Any DC Brushless box fan (aka computer fan) would also work fine. They are usually rated 12V DC, but you can get away with lower voltage (spins slower and quieter). You probably have an old wall transformer for some old/broken electronics...Just don't use anything that says "VAC" or "V AC" (alternating current). Anything with an output in the 5-14V DC range should be fine. You can buy a transformer with adjustable voltage if you want to adjust fan speed.

To assemble, strip the wires on your transformer and your fan(s). Twist red fan wire(s) to positive wire of transformer, and black fan wire(s) to negative of transformer, then wrap with electrical tape so they won't short circuit.

As far as placement goes: Humidity rises, so you want the top air to mix with the bottom air of your cabinet. You can blow air up or down....or use 2 fans, one blowing each direction.

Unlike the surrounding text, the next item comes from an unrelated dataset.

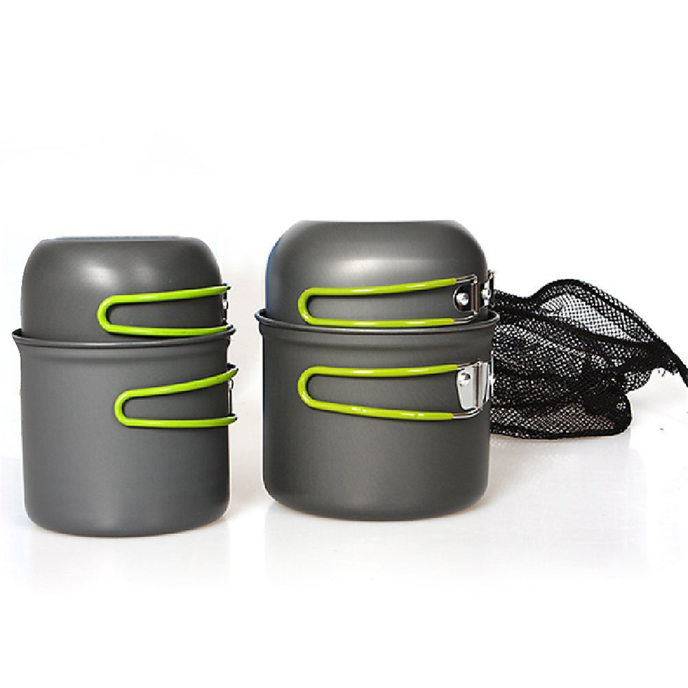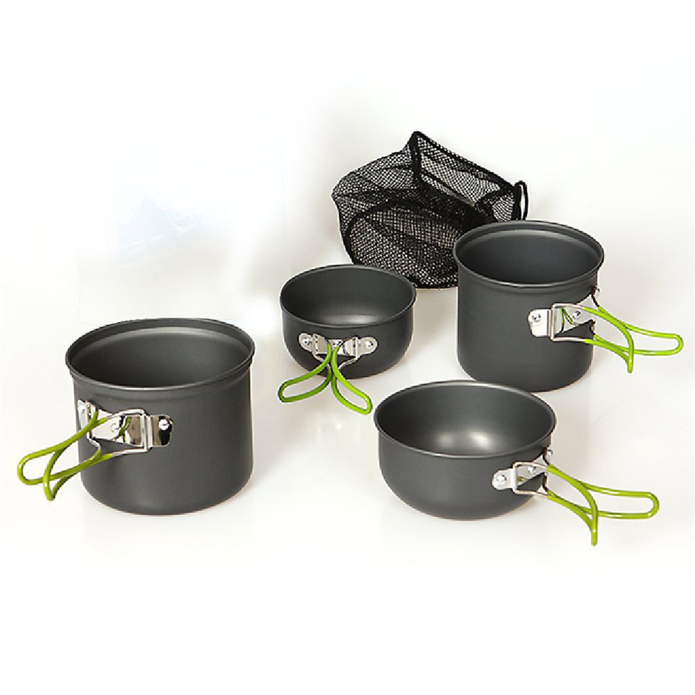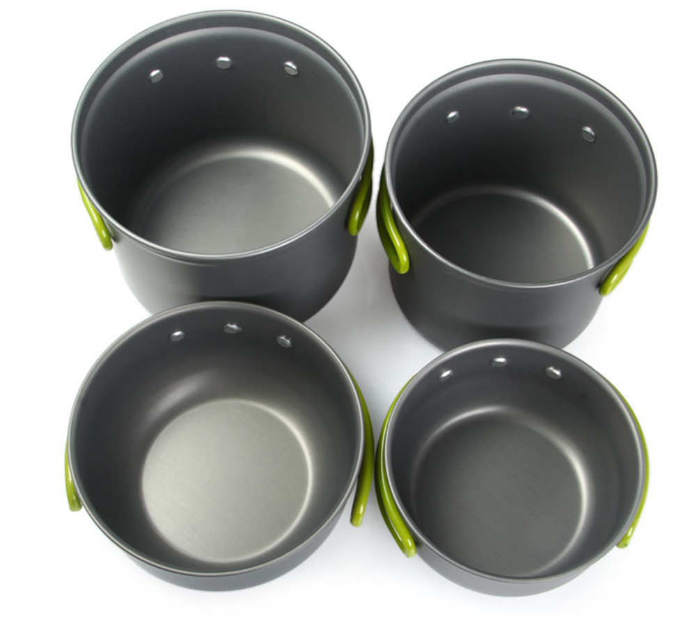 4pcs Outdoor Portable Cookware Anodised Aluminum Pot Bowl Camping Utensils

Here's a quick breakdown of Brushless Fans vs Oust Fans:

*Bushless fans:*

Easy to find/replace
Approx $5 for a 80mm fan, $10 for 120mm, or just yank from an old computer for free
Bigger fans run quieter and move much more air (CFM)
Runs constantly, unless you add a timer
Requires a wire run into your humidor for power
Use free-standing, or mount to cabinet
Cheaper in the long run, as no batteries to replace
Takes some effort to setup (basic wiring)
*

Oust:*

Hard to find (discontinued)
Ususally in the $12 range 
Very Small fan (approx 35-40 mm) with a bulky case
Runs periodically (approx 15 seconds, every 4 minutes)
Moves less air (CFM)
Quiet
Free-standing
Requires batteries , so more expensive in the long run
Minimal setup...just drop in.


----------



## KickU2Sleep (Feb 20, 2009)

The nice thing about my hydra is the additional fan port. Forgot about it when i did the search for cooling fans...durrr:new_all_coholic:just haven't got around to buying one, rh seems fine at all levels in the fridgedor, usung 3 hydrometers, the hydra at bottom, radio shack temp/rh midway up, and old stlye brass dial on top. All read w/in 1%​


----------